Выбрать главу

В том и состоит смысл пророческого служения нашей литературы: споспешествовать нам в этом духовном делании; обогащать нас опытом и знаниями, накопленными и современниками нашими, и предшествующими поколениями; побуждать наше сознание к решению вечных проблем; сопоставлять нашу жизнь с жизнью многих; остерегать от неправедных путей. Пусть не на все вопросы даётся ответ — правильно поставленный вопрос тоже может отразить важный духовный опыт. Обогащение таким опытом и должно стать главной целью нашего общения с великой литературой. Те, кто ныне восстают против пророческого призвания писателей, противятся именно этому, что обличает в них по меньшей мере духовную леность.

Да и вообще необходимо признать: постигать ответ на вопрос о смысле жизни — труд тяжёлый и подчас мучительный, ибо не может не подвести нас к пониманию, насколько наша жизнь мало совпадает с подлинным смыслом её. Всё же, что может нас мучить, мы стремимся отвергнуть — и так гоним от себя все проклятые вопросы: только бы не думать, только бы не отягощать сознание и душу неотвязными сомнениями, только бы не поддаться мытарствам совести — и вот человек изобретает всё новые и новые средства, позволяющие забыться каким угодно способом. Вот откуда летели и будут лететь камни во всякого пророка. Истина начинает представляться ненужною докукою, незнание Истины становится вожделенной целью.

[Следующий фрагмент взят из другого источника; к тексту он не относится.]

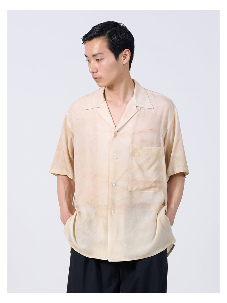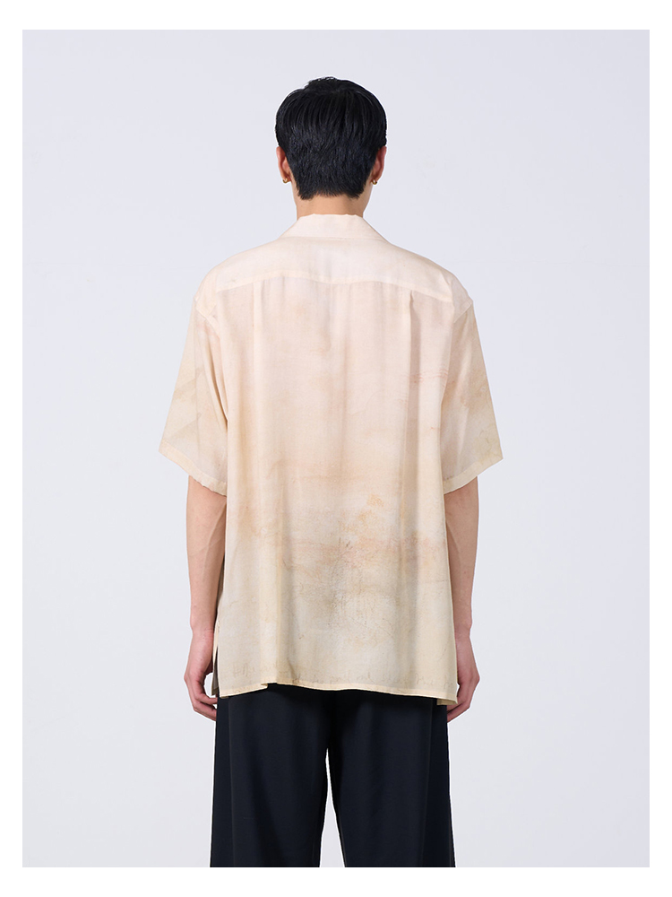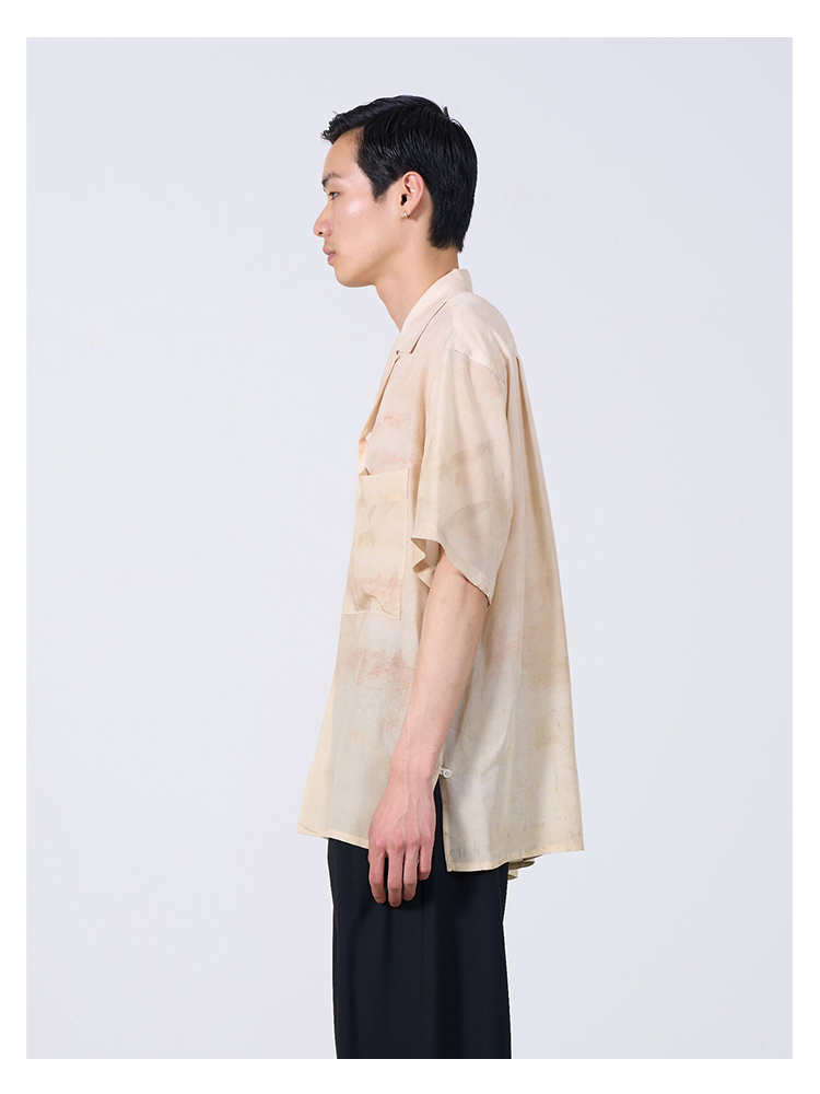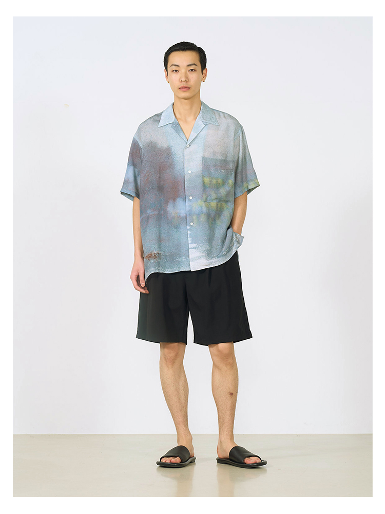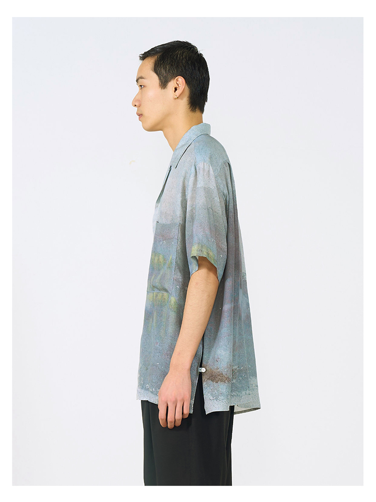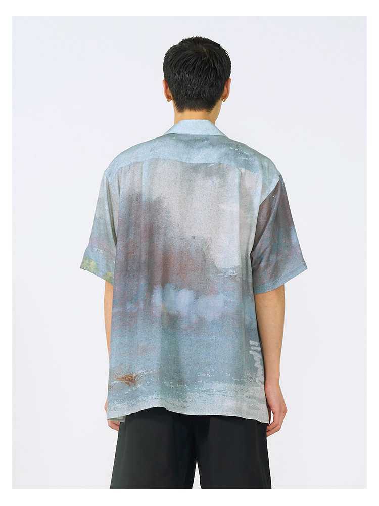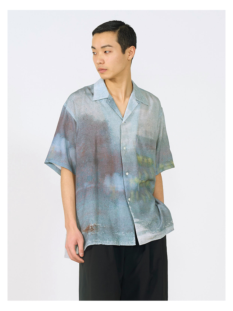 YOKE LANDSCAPE PRINTED OPEN COLLAR艺术家合作系列天丝短袖衬衫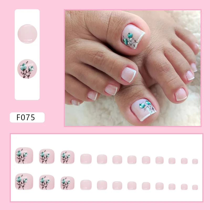 Flash Pile Drill Press on Nails Fake Nails Tips with Sticker False Toenail Design Butterfly Lovely Girl False Toenail

Но проникнемся всё же, будем пристально вдумываться: что хотели сказать нам творцы русской литературы, чем могут обогатить они наше сознание? Будем собирать по крупице сокровища их духовного опыта.

Проблема «лишнего человека» важна и интересна ещё в одномотношении: такой человек всегда неординарен, всегда имеет нешаблонные внутренние запросы, иначе ему хватило бы и «заповедей блаженства» от мира сего. Революционный романтизм решал эту проблему по-своему: чаще сопрягая ее с богоборческими мотивами. Богоборчество в каком-то смысле может выражаться и в высокомерном презрении к людям (а ведь каждый из них создан по образу и подобию Божию и, презирая человека, мы как бы отвергаем в нём заложенные духовные сокровища — пусть он и подавляет их в себе сам же). Отдавши дань Байрону и байронизму, Пушкин распрощался с романтизмом поэмою «Цыганы» (1824), сумев дать романтическому стереотипу трезвую оценку. Уже в той ранней поэме Пушкин был близок к истинно православному решению важных вопросов русской жизни. Первым это угадал Достоевский, в своей Пушкинской речи утвердивший:

«Тут уже подсказывается русское решение вопроса, «проклятого вопроса», по народной вере и правде: «Смирись, гордый человек, и прежде всего сломи свою гордость. Смирись, праздный человек, и прежде всего потрудись на своей ниве», вот это решение по народной правде и народному разуму. «Не вне тебя правда, а в тебе самом, подчини себя себе, овладей собой — и узришь правду. Не в вещах эта правда, не вне тебя и не за морем где-нибудь, а прежде всего в твоем собственном труде над собою. Победивши себя, усмиришь себя — и станешь свободен как никогда и не воображал себе, и начнёшь великое дело, и других свободными сделаешь, и узришь счастье, ибо наполнится жизнь твоя, и поймёшь наконец народ свой и святую правду его. Не у цыган и нигде мировая гармония, если ты первый сам её недостоин, злобен и горд и требуешь жизни даром, даже не предполагая, что за нее надобно заплатить». Это решение вопроса в поэме Пушкина уже сильно подсказано. Еще яснее выражено оно в «Евгении Онегине», в поэме уже не фантастической, но осязательно реальной, в которой воплощена настоящая русская жизнь с такой творческой силой и с такой законченностью, какой не бывало до Пушкина, да и после него, пожалуй»104.

Недаром же к этим словам воспылал особой неприязнью Горький, сам сильно ушибленный романтическою гордынею.

Онегин внешне весьма похож на романтического героя байроновского склада: неслучайно имя Чайлд-Гарольда сопрягается с героем романа часто, недаром он и сам, задернув полку с книгами «траурной тафтой», все же сохранил среди избранных для чтения книг сочинения лорда Байрона и ещё прежде того поместил в кабинете его портрет. Однако Пушкин отвергает романтическое прочтение проблемы. Выход усматривается, как подсказал Достоевский, на религиозном уровне.